Task requirements » Look through the entries below and extract exactly the lines from the one containing "Solaray Barne-Multi er" through the one containing "Peter Davis, de", ends included.

Dataset items
------------------------------

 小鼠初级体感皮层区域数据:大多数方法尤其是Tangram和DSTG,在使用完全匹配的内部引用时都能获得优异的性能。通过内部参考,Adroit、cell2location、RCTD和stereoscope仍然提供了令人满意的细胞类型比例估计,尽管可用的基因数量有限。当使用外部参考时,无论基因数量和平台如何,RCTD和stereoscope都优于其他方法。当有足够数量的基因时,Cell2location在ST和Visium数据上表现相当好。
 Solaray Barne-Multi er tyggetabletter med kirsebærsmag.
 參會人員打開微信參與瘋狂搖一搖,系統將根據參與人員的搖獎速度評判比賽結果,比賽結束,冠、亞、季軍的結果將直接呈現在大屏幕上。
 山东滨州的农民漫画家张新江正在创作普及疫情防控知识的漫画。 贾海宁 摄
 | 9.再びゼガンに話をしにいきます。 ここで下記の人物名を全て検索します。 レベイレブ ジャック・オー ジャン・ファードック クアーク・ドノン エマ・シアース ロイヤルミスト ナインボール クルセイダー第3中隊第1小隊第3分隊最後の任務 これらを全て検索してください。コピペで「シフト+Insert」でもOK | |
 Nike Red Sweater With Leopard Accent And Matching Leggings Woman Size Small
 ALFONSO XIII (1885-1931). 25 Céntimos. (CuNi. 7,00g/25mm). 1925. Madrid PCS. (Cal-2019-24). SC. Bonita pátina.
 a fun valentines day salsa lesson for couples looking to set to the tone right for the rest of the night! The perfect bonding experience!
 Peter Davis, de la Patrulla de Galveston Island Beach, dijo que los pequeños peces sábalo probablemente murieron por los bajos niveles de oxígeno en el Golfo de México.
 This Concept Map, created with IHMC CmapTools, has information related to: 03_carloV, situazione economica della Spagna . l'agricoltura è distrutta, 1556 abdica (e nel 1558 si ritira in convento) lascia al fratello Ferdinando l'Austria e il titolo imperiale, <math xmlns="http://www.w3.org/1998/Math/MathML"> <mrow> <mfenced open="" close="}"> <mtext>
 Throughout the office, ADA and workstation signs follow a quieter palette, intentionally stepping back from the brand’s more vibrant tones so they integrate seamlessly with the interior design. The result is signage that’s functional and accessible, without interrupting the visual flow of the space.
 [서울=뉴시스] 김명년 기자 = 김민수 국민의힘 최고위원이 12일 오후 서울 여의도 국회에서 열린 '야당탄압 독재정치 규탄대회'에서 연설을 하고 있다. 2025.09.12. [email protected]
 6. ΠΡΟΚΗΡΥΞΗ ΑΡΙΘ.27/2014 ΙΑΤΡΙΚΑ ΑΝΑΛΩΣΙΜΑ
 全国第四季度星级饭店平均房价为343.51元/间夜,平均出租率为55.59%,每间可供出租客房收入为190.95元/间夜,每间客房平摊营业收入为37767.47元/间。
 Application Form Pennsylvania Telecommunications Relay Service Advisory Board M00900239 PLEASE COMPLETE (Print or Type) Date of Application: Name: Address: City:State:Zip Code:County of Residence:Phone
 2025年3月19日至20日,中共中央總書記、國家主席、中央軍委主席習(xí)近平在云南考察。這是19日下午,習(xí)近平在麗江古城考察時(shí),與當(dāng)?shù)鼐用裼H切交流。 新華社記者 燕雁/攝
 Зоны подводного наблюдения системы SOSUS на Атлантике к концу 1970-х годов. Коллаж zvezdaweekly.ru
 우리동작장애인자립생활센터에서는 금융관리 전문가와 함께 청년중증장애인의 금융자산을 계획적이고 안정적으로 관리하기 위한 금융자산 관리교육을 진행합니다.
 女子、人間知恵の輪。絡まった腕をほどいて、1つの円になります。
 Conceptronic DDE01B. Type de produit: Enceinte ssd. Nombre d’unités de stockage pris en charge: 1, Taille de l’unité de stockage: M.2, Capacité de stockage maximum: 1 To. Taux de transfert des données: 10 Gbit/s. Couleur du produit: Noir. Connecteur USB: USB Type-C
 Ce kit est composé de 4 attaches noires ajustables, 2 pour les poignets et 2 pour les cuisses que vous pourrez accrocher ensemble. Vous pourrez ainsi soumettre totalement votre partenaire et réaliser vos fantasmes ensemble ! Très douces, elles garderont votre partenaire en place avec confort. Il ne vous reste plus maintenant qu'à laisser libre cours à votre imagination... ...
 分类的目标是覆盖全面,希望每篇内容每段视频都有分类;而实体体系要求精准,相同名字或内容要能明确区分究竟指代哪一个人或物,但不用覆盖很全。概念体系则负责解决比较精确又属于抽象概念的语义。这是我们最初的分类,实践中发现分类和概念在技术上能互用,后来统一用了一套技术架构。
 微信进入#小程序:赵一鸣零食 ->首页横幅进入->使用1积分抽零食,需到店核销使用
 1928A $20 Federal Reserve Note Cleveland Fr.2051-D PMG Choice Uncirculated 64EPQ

------------------------------

Exercise result »
 Solaray Barne-Multi er tyggetabletter med kirsebærsmag.
 參會人員打開微信參與瘋狂搖一搖,系統將根據參與人員的搖獎速度評判比賽結果,比賽結束,冠、亞、季軍的結果將直接呈現在大屏幕上。
 山东滨州的农民漫画家张新江正在创作普及疫情防控知识的漫画。 贾海宁 摄
 | 9.再びゼガンに話をしにいきます。 ここで下記の人物名を全て検索します。 レベイレブ ジャック・オー ジャン・ファードック クアーク・ドノン エマ・シアース ロイヤルミスト ナインボール クルセイダー第3中隊第1小隊第3分隊最後の任務 これらを全て検索してください。コピペで「シフト+Insert」でもOK | |
 Nike Red Sweater With Leopard Accent And Matching Leggings Woman Size Small
 ALFONSO XIII (1885-1931). 25 Céntimos. (CuNi. 7,00g/25mm). 1925. Madrid PCS. (Cal-2019-24). SC. Bonita pátina.
 a fun valentines day salsa lesson for couples looking to set to the tone right for the rest of the night! The perfect bonding experience!
 Peter Davis, de la Patrulla de Galveston Island Beach, dijo que los pequeños peces sábalo probablemente murieron por los bajos niveles de oxígeno en el Golfo de México.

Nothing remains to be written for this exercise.